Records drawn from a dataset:

----------

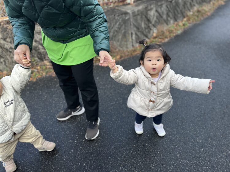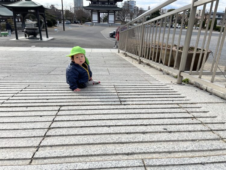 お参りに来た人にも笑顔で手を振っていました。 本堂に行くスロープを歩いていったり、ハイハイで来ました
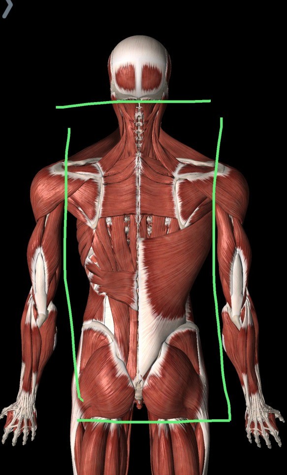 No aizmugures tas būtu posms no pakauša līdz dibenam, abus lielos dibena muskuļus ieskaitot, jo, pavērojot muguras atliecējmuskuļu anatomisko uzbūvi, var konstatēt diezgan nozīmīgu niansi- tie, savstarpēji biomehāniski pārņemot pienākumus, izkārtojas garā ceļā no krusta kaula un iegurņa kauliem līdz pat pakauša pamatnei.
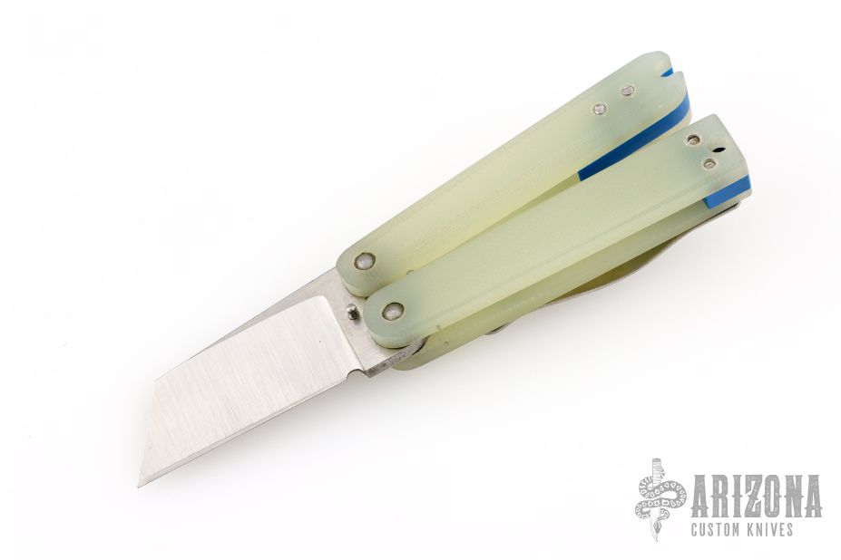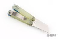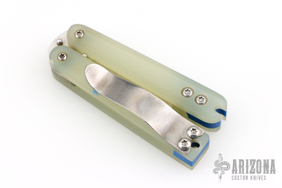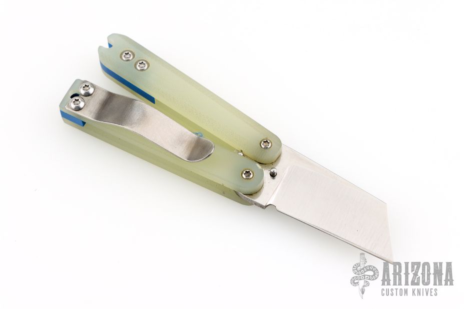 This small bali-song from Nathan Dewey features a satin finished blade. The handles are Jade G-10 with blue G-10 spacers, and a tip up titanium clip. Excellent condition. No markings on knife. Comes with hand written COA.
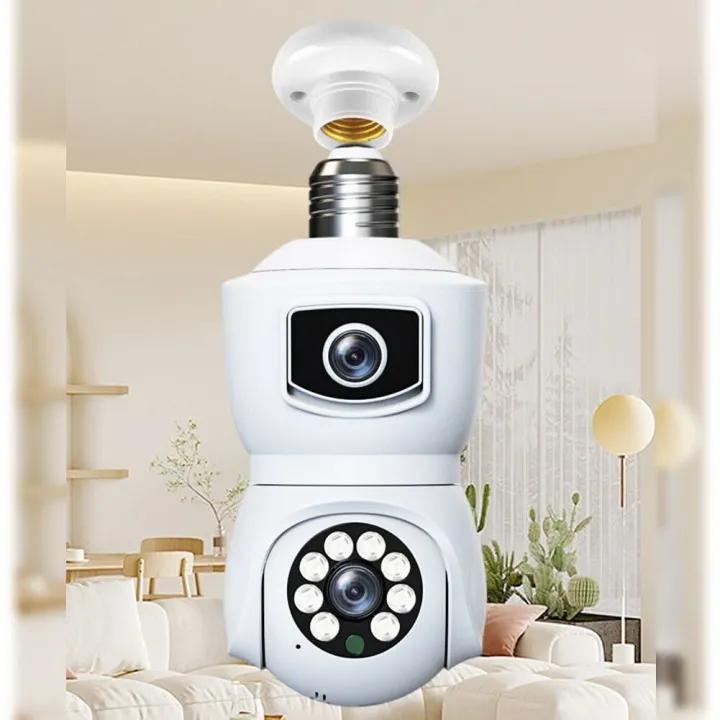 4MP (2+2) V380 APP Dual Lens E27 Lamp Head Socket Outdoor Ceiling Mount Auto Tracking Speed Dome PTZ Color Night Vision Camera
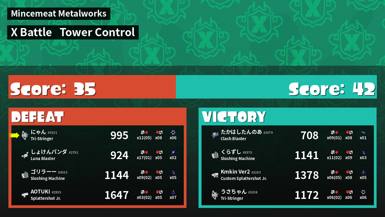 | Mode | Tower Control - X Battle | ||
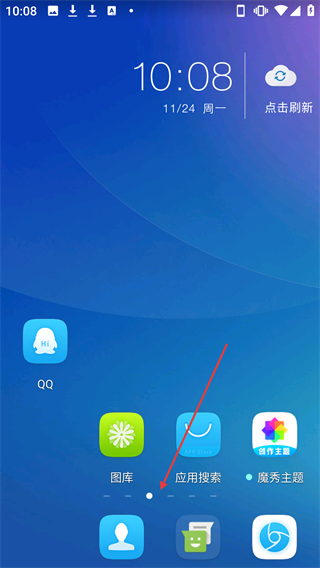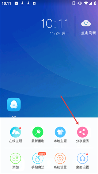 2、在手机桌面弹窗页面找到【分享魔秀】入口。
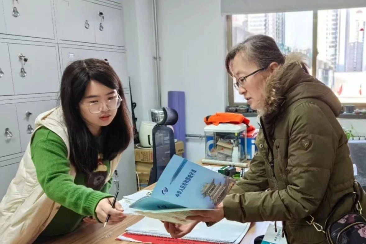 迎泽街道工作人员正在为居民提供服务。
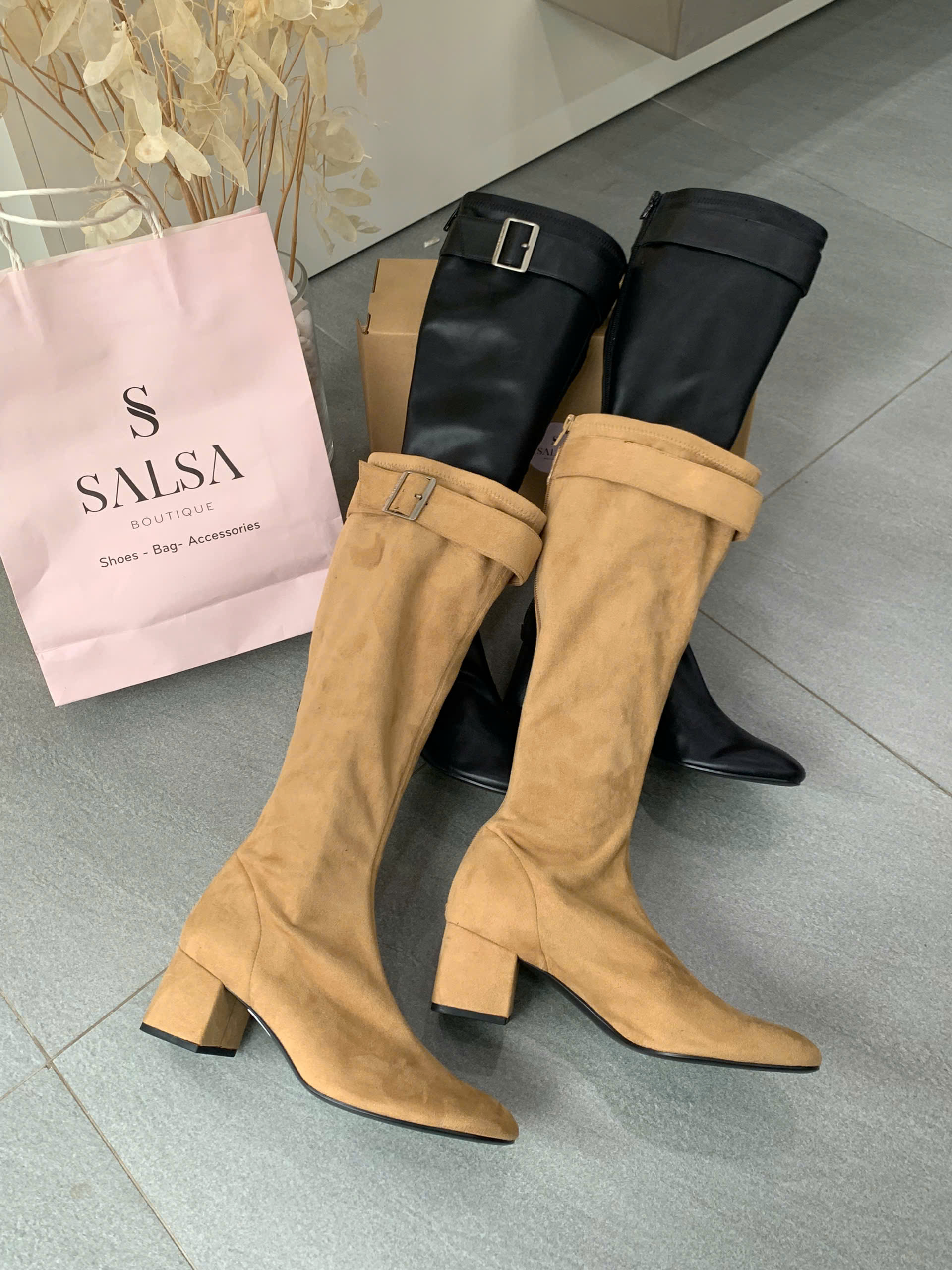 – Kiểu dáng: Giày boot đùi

----------

Starting at the line that contains "4MP (2+2) V380" and ending with the last line of the data, transcribe every line exactly; skip the pictures.

**EXERCISE ANSWER**
 4MP (2+2) V380 APP Dual Lens E27 Lamp Head Socket Outdoor Ceiling Mount Auto Tracking Speed Dome PTZ Color Night Vision Camera
 | Mode | Tower Control - X Battle | ||
 2、在手机桌面弹窗页面找到【分享魔秀】入口。
 迎泽街道工作人员正在为居民提供服务。
 – Kiểu dáng: Giày boot đùi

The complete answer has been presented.